4. Physical therapies
4.1. Deep brain stimulation (DBS)
Another option to the neurosurgical interventions performed as last resource in treatment-resistant patients with extremely disabling symptoms is represented by deep brain stimulation. In deep brain stimulation (DBS) procedures, stimulation electrodes are implanted into specific brain regions and continuous electrical high frequency stimulation is delivered from a pulse generator. DBS is externally programmable and reversible, in that the stimulator can be turned on or off and controlled at the discretion of the clinician. The targets that have shown to provide the best results are both the anterior limbs of the internal capsule. The stimulation of this area seems to disrupt the activity in the loop fibers that connect the cortex with the thalamus and therefore interrupt the pathological circuit of this area (Shah et al., 2008). DBS in this site was successful in several case series (Abelson et al., 2005; Anderson and Hamed, 2003; Gabriels et al., 2003; Nuttin et al., 1999, 2003, 2008). In an open study, DBS was still effective after three years from the implantation (Greenberg et al., 2006). A multicenter randomized sham-controlled crossover study based on the stimulation of the subthalamic nucleus on 16 patients with severe OCD showed interesting results (Mallet et al., 2008). After 10 months of active stimulation 10 patients had a significant improvement of the symptoms and 4 recovered (Y-BOCS of 6 or less). However, the good results of this study are limited by the onset of some major adverse events (including a brain hemorrhage) and several minor adverse events.
4.2. Repetitive transcranial magnetic stimulation (rTMS)

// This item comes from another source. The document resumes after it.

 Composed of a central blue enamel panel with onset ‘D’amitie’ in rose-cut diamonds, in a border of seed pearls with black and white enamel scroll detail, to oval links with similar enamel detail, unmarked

There is no clear evidence regarding the use of rTMS in the treatment of OCD due to the fact that the design of the few studies performed differs in many important aspects such as site stimulation, parameters, and treatment duration. In double-blind sham-controlled studies, rTMS was ineffective both over the left dorsolateral prefrontal cortex was ineffective (Prasko et al. 2006; Sachdev et al. 2007) and over the right prefrontal rTMS (Alonso et al., 2001). Finally, interesting results were provided by two recent studies concerning the stimulation of the orbitofrontal cortex (Ruffini et al., 2009) and of the supplementary motor area (Mantovani et al., 2010) that showed a significant reduction of Y-BOCS score when compared to sham stimulation.

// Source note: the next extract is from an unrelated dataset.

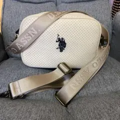 ネイビーカラーのU.S. POLO ASSN.ショルダーバッグ、ロゴ刺繍と調節可能なストラップ付き。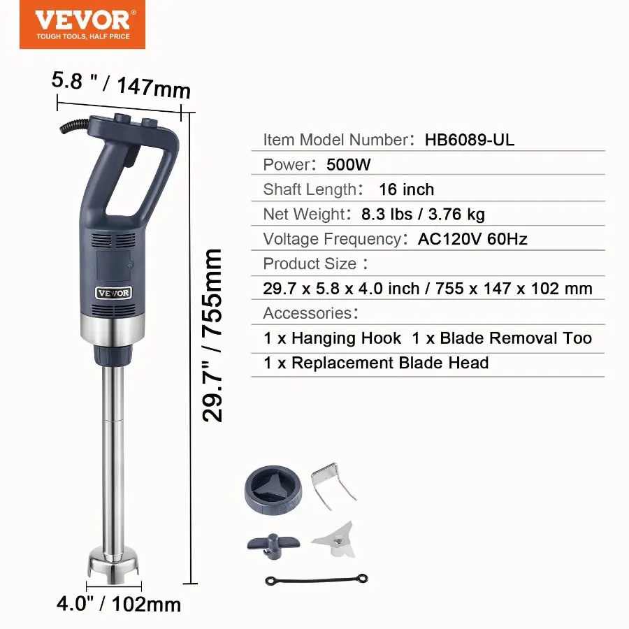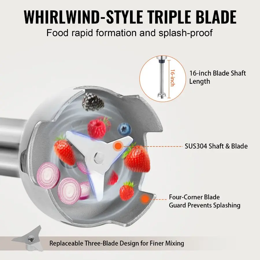 VEVOR Commercial Immersion Blender, 500W Heavy Duty Hand Mixer, 16 inch Stepless Variable Speed Mixer with Stainless Steel Blade, Multi-Purpose Portable Mixer for Soup, Sauces, Mashed Potatoes, Cream

4.3. Electroconvulsive therapy (Ect)
Experts agree on the fact that ECT has a very limited role in OCD treatment, as there is no relevant evidence of benefits regarding the control of core symptoms of OCD (Bandelow et al., 2008) even if some case reports suggest the efficacy of it (Fukuchi et al., 2003; Strassnig et al., 2004;). Anyway, it may represent a useful tool for the treatment of OCD comorbidities such as depression, catatonia, etc. (Casey & Davis, 1994; Hanisch et al., 2009).
5. Conclusions and future perspectives
In conclusion, the range of therapeutic options for treatment-resistant patients is wide, and a number of them seem to have a quite good efficacy. Current research on animal and human models suggests that the discovery of more precise and distinctive neurofunctional targets is possible and that may successfully lead to a patient-tailored treatment algorithm. Identifying the different groups of patients and basing the treatment on reliable and easily detectable neurodysfunctional targets is one of the most desirable and exciting goals that in the next future may be achieved, in order to offer a highly specific treatment for each single patient.